The truth about the modern workplace and employee experience
- Posted on May 9, 2019
- Estimated reading time 3 minutes
I was sitting at home last night about to put my kids to bed when I received an important message from a customer. They needed an important document in the next 30 minutes so they could send over a contract for a major deal for my business. I was in a dilemma, my children needed their bedtime story in 10 minutes, I didn't want to let them down and firing up my laptop would take at least 20 minutes to get what I needed and then send it out. Or it would have been 10 years ago. Now, I was able to grab my phone, jump into the cloud storage app and find the document instantly. Everything was done and dusted in 2 minutes. Bedtime, on the other hand, took over an hour. But that's a story for another day…
Work has changed, most people recognise that. It is no longer a 9-5 experience. It is really about give and take. If everyone is honest, we all shop online at work or do life admin, but we also check emails at the weekend and reply to important messages when away from the office.
But has work changed enough? In many workplaces, there is still a stigma around not being "seen" at your desk despite having the tools to work anywhere.
Employers should be focusing on letting employees be human and what allows them to be the best person they can be at home and at work. That is the modern workplace - having a work/life balance that allows everyone to be at the important events in life but also get the important work done at anytime, anywhere.
A modern workplace is an environment rather than a place. An environment that is built the right way, both open and collaborative but also allowing for focus and deep productivity (report writing etc.). The office environment may be fantastic for collaborating and teamwork, but it may also be noisy and counterproductive for tasks that require focus. It may be that the best place for that focus is at home with no distractions (well, other than Netflix).

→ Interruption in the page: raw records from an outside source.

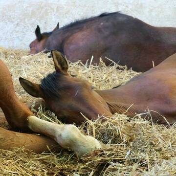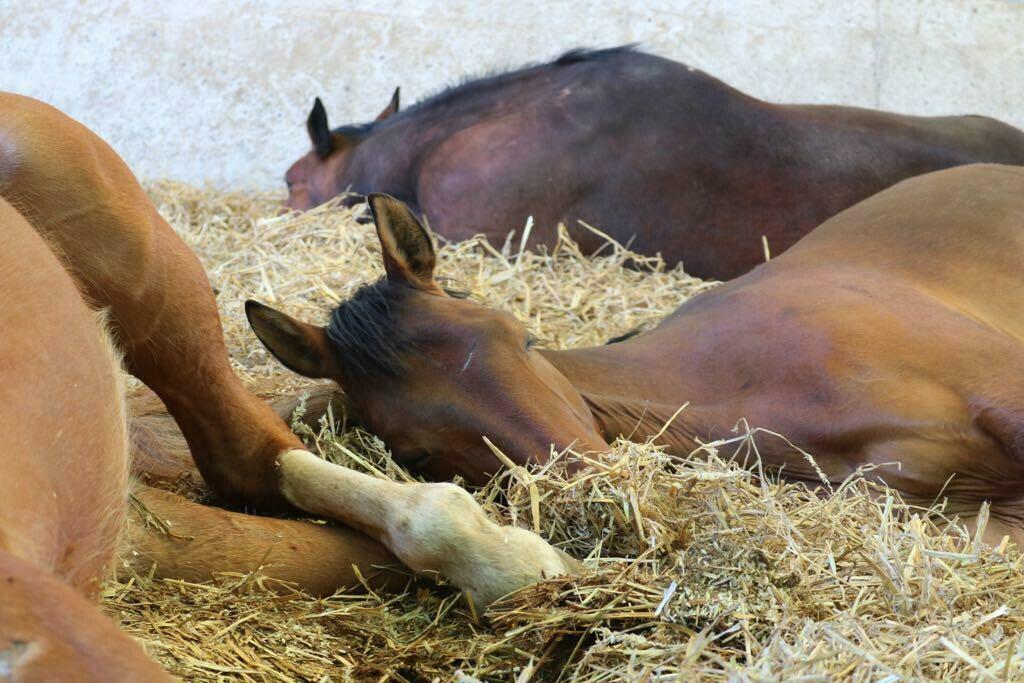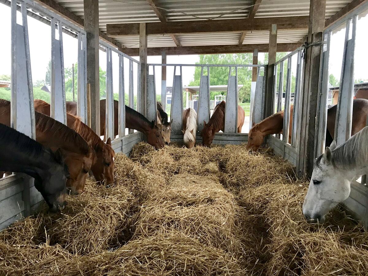 Für Pferde ist zur Gesunderhaltung ein seitliches Liegen und Schlafen unerlässlich. Um diesen Bedürfnissen nachkommen zu können, stehen bei uns 5 Liegehallen zur Verfügung (3 mit Stroh und 2 mit Leinenpellets eingestreut). Pro Pferd kommen dadurch gut 11 m2 zusammen.
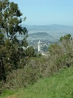 ![]() View from Claremont Canyon Regional Preserve. March 13, 2004. The University of California, Berkeley's Sather Tower is in the near view. Behind that is Albany Hill, and the large mountains in the background are the Marin Hills. | |
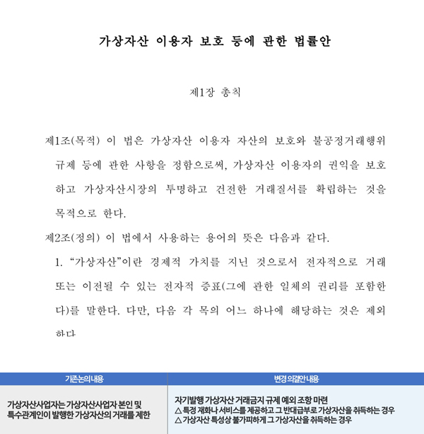 또 가상자산사업자의 가상자산의 경우 거래제한을 원칙으로 뒀다. 단 ▲특정 재화나 서비스를 제공하고, 그 반대급부로 가상자산을 취득하는 경우 ▲가상자산 특성상 불가피하게 그 가상자산을 취득하는 경우 등 두 가지 예외조항이 마련됐다.
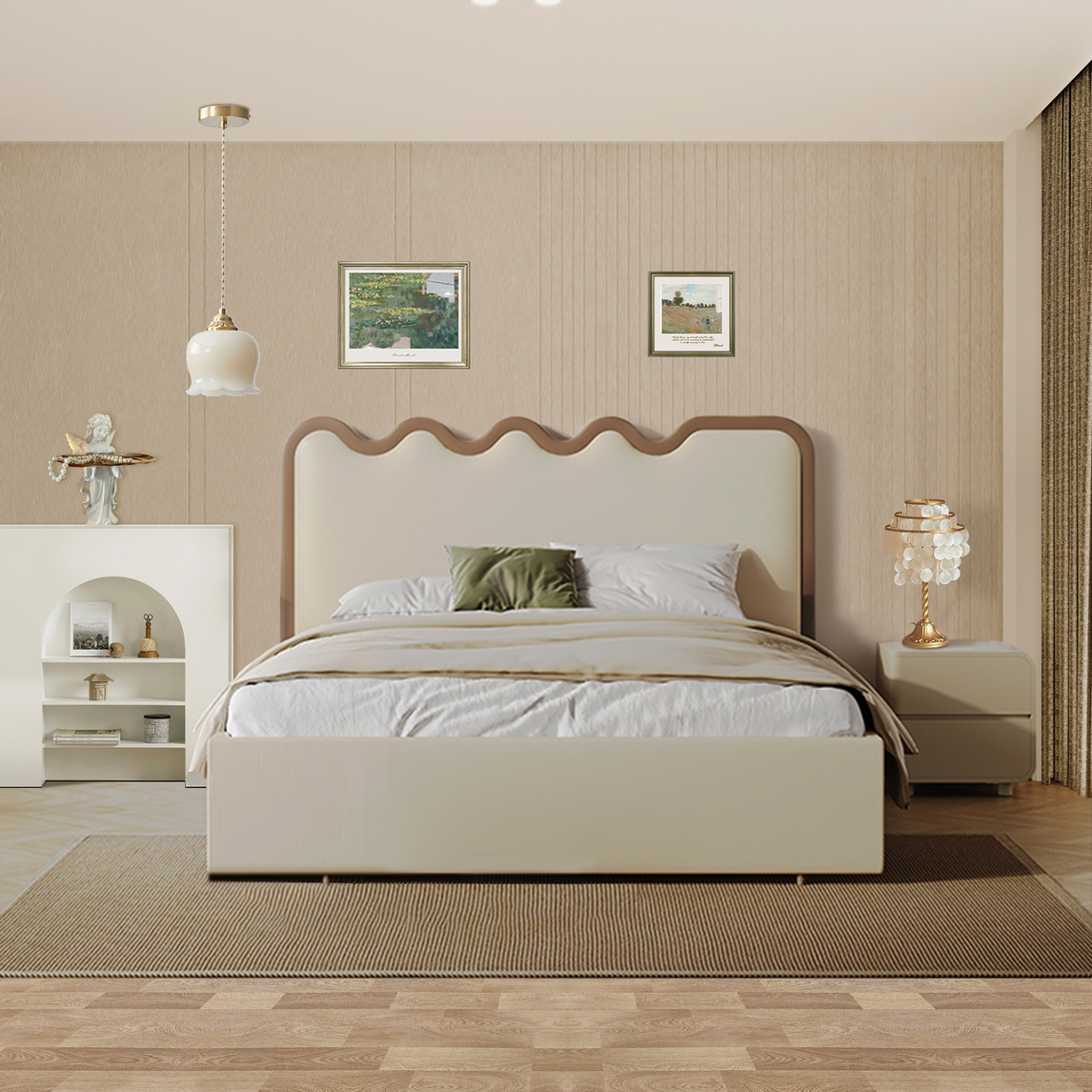 复古的光影之美,焦糖味儿的轻法式卧室,可不只是秋季的限定,床头的铃兰花吊灯使整个空间看起来充满了活力。
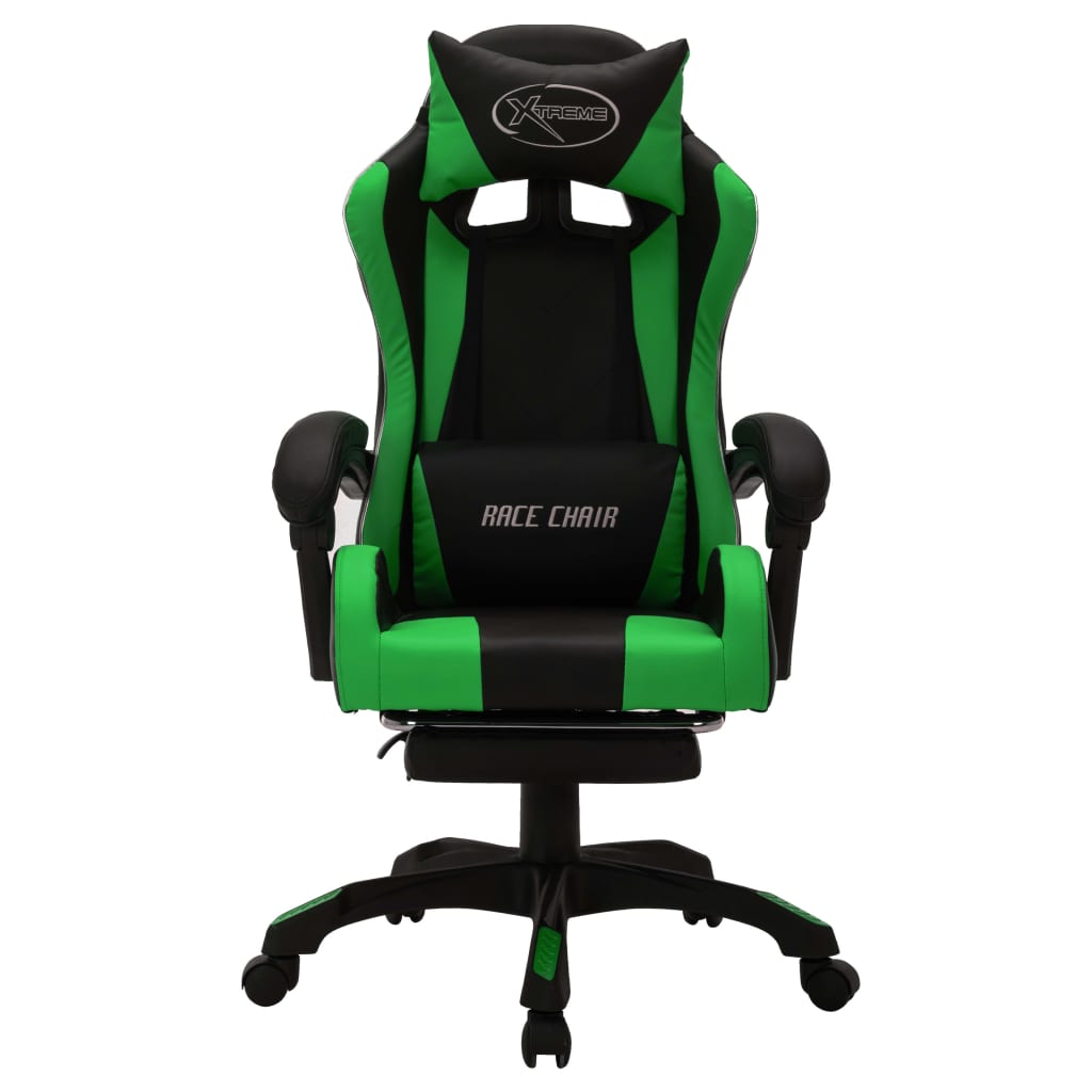 Ce fauteuil de jeux vidéo distinctif et de luxe offre un endroit extrêmement confortable pour le jeu ou le travail. Cette chaise de jeu est recouverte de similicuir, ce qui la rend facile à nettoyer. La chaise inclinable a un repose-pied rétractable qui peut être rangé sous le siège lorsqu’il n’est pas utilisé. Le coussin de tête et le coussin de taille bien rembourrés fournis offrent un confort supplémentaire pendant votre journée de travail bien remplie. Avec le mécanisme de vérin à gaz, cette chaise de bureau est réglable en hauteur. Elle est également réglable en position inclinée, donc si vous avez envie de faire une sieste, placez simplement le dossier en position entièrement inclinée. De plus, le pivotement à 360 degrés et la conception à 5 roulettes la rendent facile à déplacer. Le bord du dossier est équipé de lumières LED, vous offrant une meilleure ambiance de jeu. Vous pouvez facilement changer la couleur et les modes de clignotement des lumières grâce à une télécommande.
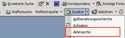 Um in die Übersichtsmaske des Aktenarchivs zu gelangen, navigieren Sie in der oberen Menüleiste auf die Schaltfläche [Zusätze]. Aktivieren Sie das Untermenü, indem Sie mit der linken Maustaste auf den rechts neben der Schaltfläche befindlichen schwarzen Pfeil klicken. Wählen Sie hier die Option „Aktenarchiv" aus.
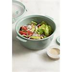 Veľký obedový a desiatový box sa skvele hodí na uchovanie hlavného jedla, chrumkavého pečiva, obložených chlebíčkov, lahodných dezertov a ďalších delikates všetkého druhu. Vzduchotesný a vodotesný poklop v čírom prevedení potom slúži na dôsledné uzavretie nádoby, takže spoľahlivo zabráni oschnutiu, navlhnutiu či inej degradácii pokrmu vo vnútri , napríklad pri pôsobení hmyzu. Váš obed či večera si tak zachová vyššiu kvalitu po oveľa dlhšiu dobu. Integrovaný ventil potom umožní ohrievanie jedál v mikrovlnnej rúre a nádobu aj s tesniacim vekom je možné umývať v umývačke pre ľahšiu a rýchlejšiu údržbu. Súčasťou balenia je tácka pre styk so suchou potravinou , 0,8 l šálka na omáčku a sada príborov s vidličkou, nožom a lyžicou , takže máte všetko potrebné na desiatu, obedovanie alebo večeru.
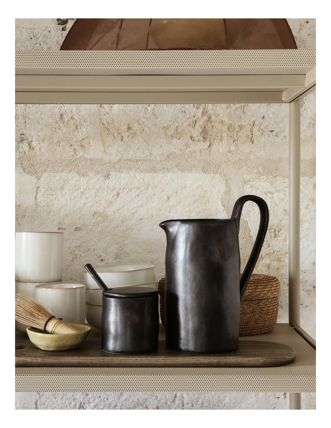 Vajilla de porcelana de la marca Ferm Living con diseño irregular.
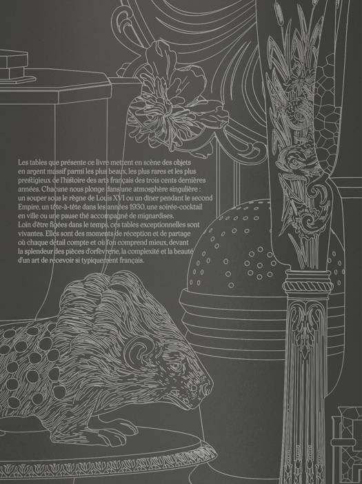 Les tables que présente ce livre mettent en scène des objets en argent massif parmi les plus beaux, les plus rares et les plus prestigieux de l’histoire des arts français des trois cents dernières années. Chacune nous plonge dans une atmosphère singulière : un souper sous le règne de Louis XVI ou un dîner pendant le second Empire, un tête-à-tête dans les années 1930, une soirée-cocktail en ville ou une pause thé accompagné de mignardises. Loin d’être figées dans le temps, ces tables exceptionnelles sont vivantes. Elles sont des moments de réception et de partage où chaque détail compte et où l’on comprend mieux, devant la splendeur des pièces d’orfèvrerie, la complexité et la beauté d’un art de recevoir si typiquement français.
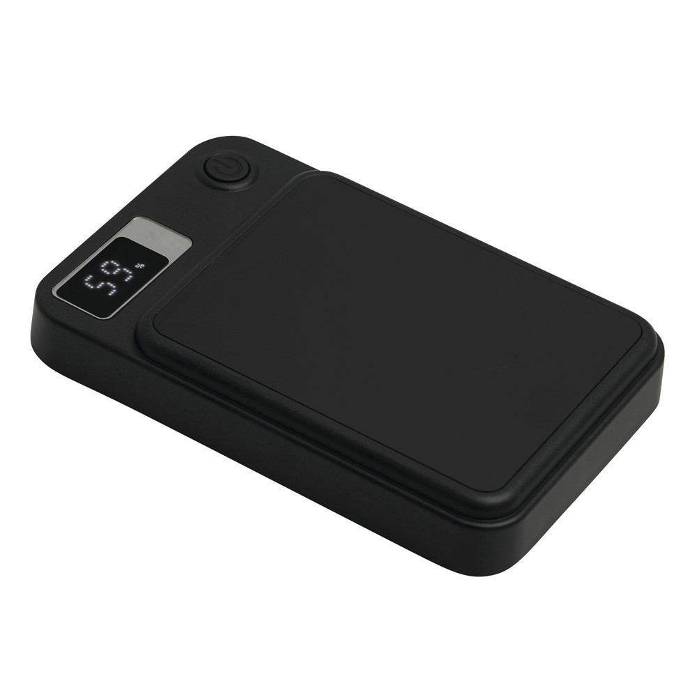 Powerbank MAGNET: geeignet für Smartphones und USB-betriebene Geräte, kabelloses Aufladen des Gerätes durch Auflegen auf die Kontaktfläche (Gerät muss für induktives Laden gerüstet sein), dank Magnetkraft hält das Gerät an der Powerbank (geräteabhängig), inkl. USB-Ladekabel mit USB Typ C Stecker (Länge: ca. 30 cm), mit Ladestandanzeige in Prozent, Ein- und Ausschalter, 1 USB Typ C Eingang und 1 USB Typ A Ausgang, Eingangsleistung: 5V/2A, Ausgangsleistung: 5V/2A, Kapazität: 5.000 mAh, leistungsstarker Lithium-Akku, in Box
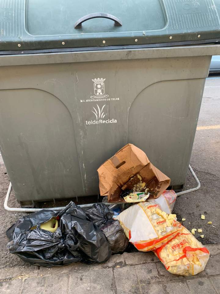 La calle de Doctor Gutiérrez Armario, en el corazón de la zona comercial de Telde, se ve afectado por un inquietante problema, ya que, según los vecinos, es frecuente observar comida y cajas esparcidas fuera de los contenedores de basura.
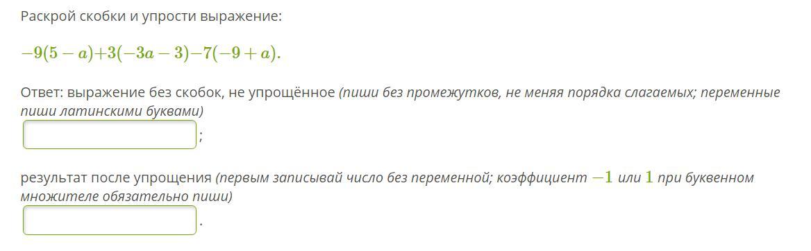 Выражение без скобок: -45+9а-9а-9+63-7а
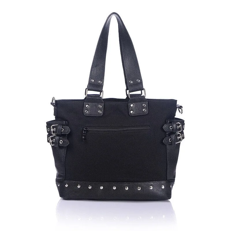 Sichern Sie sich Ihre Gothic Handtasche Vintage vernietet und verleihen Sie Ihrem Look einen unverwechselbaren Touch. Diese Tasche ist ideal für Ihre alltäglichen Abenteuer und besondere Anlässe. Lassen Sie sich dieses Highlight nicht entgehen!
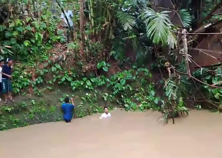 Proses evakuasi berlangsung dramatis karena arus sungai cukup deras akibat hujan yang mengguyur wilayah tersebut sejak pagi hari.
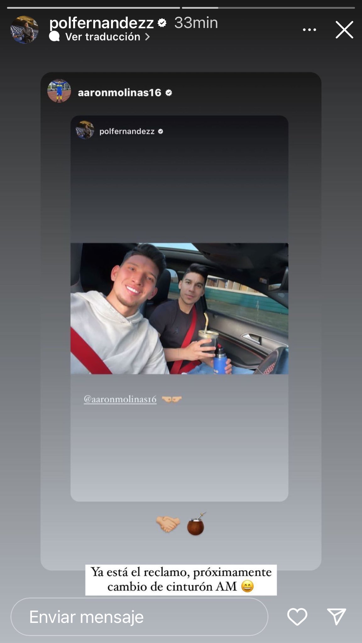Luego de una jornada de trabajo, Aaron Molinas y Pol Fernández se retiraron del predio de Ezeiza en el mismo auto -conducido por el ex Racing- y decidieron tomarse una foto juntos para luego postearla en redes sociales. El volante más experimentado fue el encargado de subir la imagen a las historias de Instagram, pero los hinchas del Xeneize no les perdonaron un detalle más que particular.

We have fantastic technology that allows us to work faster from anywhere. But all this tech is useless if no one uses it the right way. What is the point of great real-time collaboration technology if everyone is in the office not talking and just sending emails to each other and then not doing anything until they get a reply? It happens all the time, I have been guilty of it in the past, and it requires retraining the brain to use email for what it was originally designed for - replacing the old office physical memo. To get things done quickly, talk to the person or use real-time collaboration technology, do not hit send and consider your job done!
Fortunately, we are in an age where people often have a richer technology experience in their personal lives than in their work lives, they use the latest and greatest apps and are often ahead of the enterprise technology curve. So getting people to adapt to new technology is not as hard as it once was. The key is bringing it all together into a holistic experience and driving the right culture.
From a business perspective, culture is the key to all this. Historically business have been driven to believe productivity is the goal. More productivity equals more profits, and round and round it goes. However, from a technology perspective companies can spend so much time in refining processes to increase productivity that they lose sight of the actual goal of the business.
CIO's, CHRO's and CEO's need to drive the right culture in the workplace to change the mindset. Employees should feel they are enabled and empowered rather than controlled, this should lead to much greater results for the organisations. People are generally au fait with technology in their personal lives and want more from their workplace or something that matches it. They don't want to feel like they are told what they can and can't do. By empowering the employees with technology, it should allow innovation to develop, rather than be something that is raged against.
It is not a case of the IT department deploying tools and then looking for a problem, it is a case of technology creating a culture that helps employees reach the goals the business requires, anytime, anywhere.